━━━━━ Source material
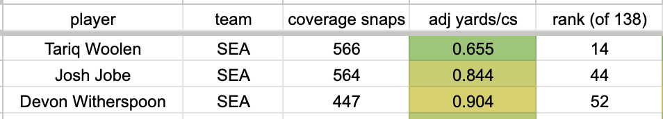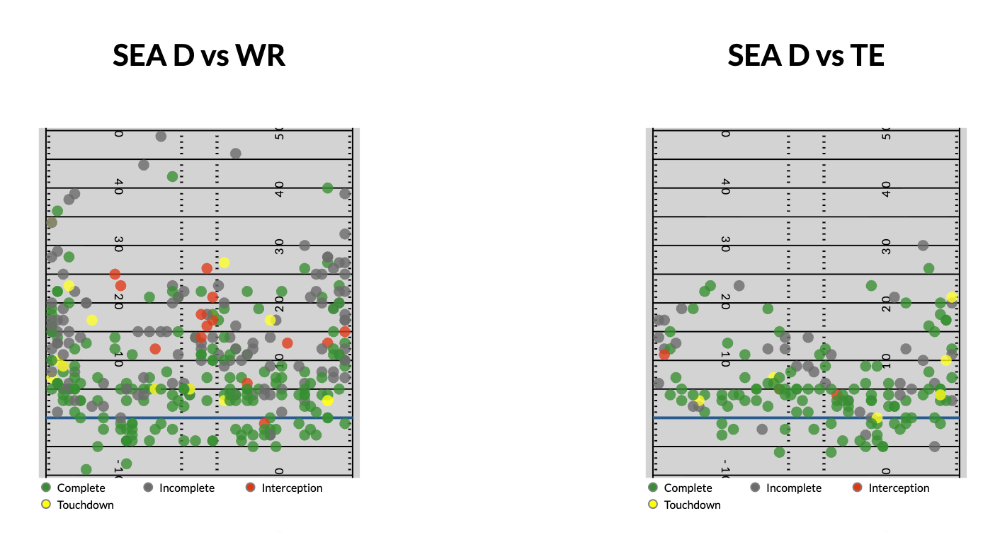 While Seattle’s secondary is filled with monsters, the linebackers can be exposed in coverage, especially when they’re so focused on playing downhill. Ernest Jones is everywhere for this defense, but was 46th in yards allowed per coverage snap among linebackers during the regular season. The short middle of the field is where the Seahawks have had trouble against tight ends and you can see how the sidelines are much better defending against wide receiver targets.
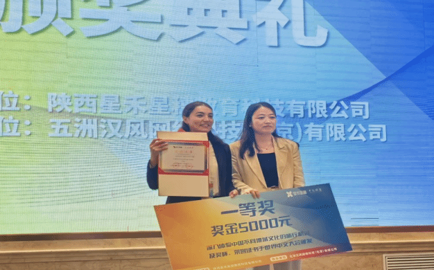 2025年11月2日,由陕西星禾星穗教育科技有限公司主办、中文联盟(五洲汉风网络科技有限公司)协办的首届国际双语人才中英文演讲比赛全国决赛在陕西省西安市举办。我院土库曼斯坦的国际学生阿曼(AMANOVA OGULJEMAL)经过线上初赛、省级复赛层层选拔,在百余名选手中脱颖而出,并以一等奖的好成绩晋级决赛,最终在全国决赛中荣获一等奖佳绩。
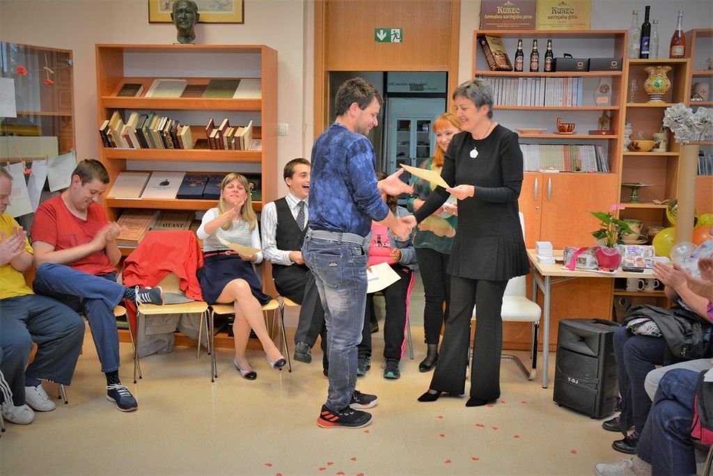 Na zadnje, svečano druženje to sezono je prišlo petnajst varovancev (prvo sezono jih je bilo osem). Prišli so skupaj s starši oz. skrbniki. Vsi so sedeli v krogu, da je med njimi stekla energija. Nad njimi so visele njihove ilustracije, ki so postavljene ena ob drugi bile videti kot prave umetnine. Pozdravila jih je direktorica knjižnice Jolanda Železnik, kasneje je Ireno Štusej varovancem podelila priznanja za skrbno poslušanje in obnavljanje zgodbic. Ko je stopil v prostor Matevž Čadej s svojo harmoniko, je vzdušje zavalovalo od enega k drugemu. Matevž je član ansamblov Akordi in Griški kvintet, trenutno pa sodelavec knjižnice. Ob spremljavi harmonike so zapeli V dolini tihi in Čebelar. Za tem so z Ireno Štusej obnovili nekaj zgodbic, ki so jih najbolj ganile, zapeli pesem Žogice Nogice in pokazali nekaj pantomime. V čokoladni hišici iz pravljice o Janku in Metki pa so se medtem celo znašli mehki sadni bomboni. Kot se za zaključek spodobi, so na koncu ob harmoniki zaplesali.
━━━━━━━━━━
» **Exercise requirements**
Whenever a line holds a picture, print that line without the picture. All other data must be output exactly.

» **Exercise answer**
 While Seattle’s secondary is filled with monsters, the linebackers can be exposed in coverage, especially when they’re so focused on playing downhill. Ernest Jones is everywhere for this defense, but was 46th in yards allowed per coverage snap among linebackers during the regular season. The short middle of the field is where the Seahawks have had trouble against tight ends and you can see how the sidelines are much better defending against wide receiver targets.
 2025年11月2日,由陕西星禾星穗教育科技有限公司主办、中文联盟(五洲汉风网络科技有限公司)协办的首届国际双语人才中英文演讲比赛全国决赛在陕西省西安市举办。我院土库曼斯坦的国际学生阿曼(AMANOVA OGULJEMAL)经过线上初赛、省级复赛层层选拔,在百余名选手中脱颖而出,并以一等奖的好成绩晋级决赛,最终在全国决赛中荣获一等奖佳绩。
 Na zadnje, svečano druženje to sezono je prišlo petnajst varovancev (prvo sezono jih je bilo osem). Prišli so skupaj s starši oz. skrbniki. Vsi so sedeli v krogu, da je med njimi stekla energija. Nad njimi so visele njihove ilustracije, ki so postavljene ena ob drugi bile videti kot prave umetnine. Pozdravila jih je direktorica knjižnice Jolanda Železnik, kasneje je Ireno Štusej varovancem podelila priznanja za skrbno poslušanje in obnavljanje zgodbic. Ko je stopil v prostor Matevž Čadej s svojo harmoniko, je vzdušje zavalovalo od enega k drugemu. Matevž je član ansamblov Akordi in Griški kvintet, trenutno pa sodelavec knjižnice. Ob spremljavi harmonike so zapeli V dolini tihi in Čebelar. Za tem so z Ireno Štusej obnovili nekaj zgodbic, ki so jih najbolj ganile, zapeli pesem Žogice Nogice in pokazali nekaj pantomime. V čokoladni hišici iz pravljice o Janku in Metki pa so se medtem celo znašli mehki sadni bomboni. Kot se za zaključek spodobi, so na koncu ob harmoniki zaplesali.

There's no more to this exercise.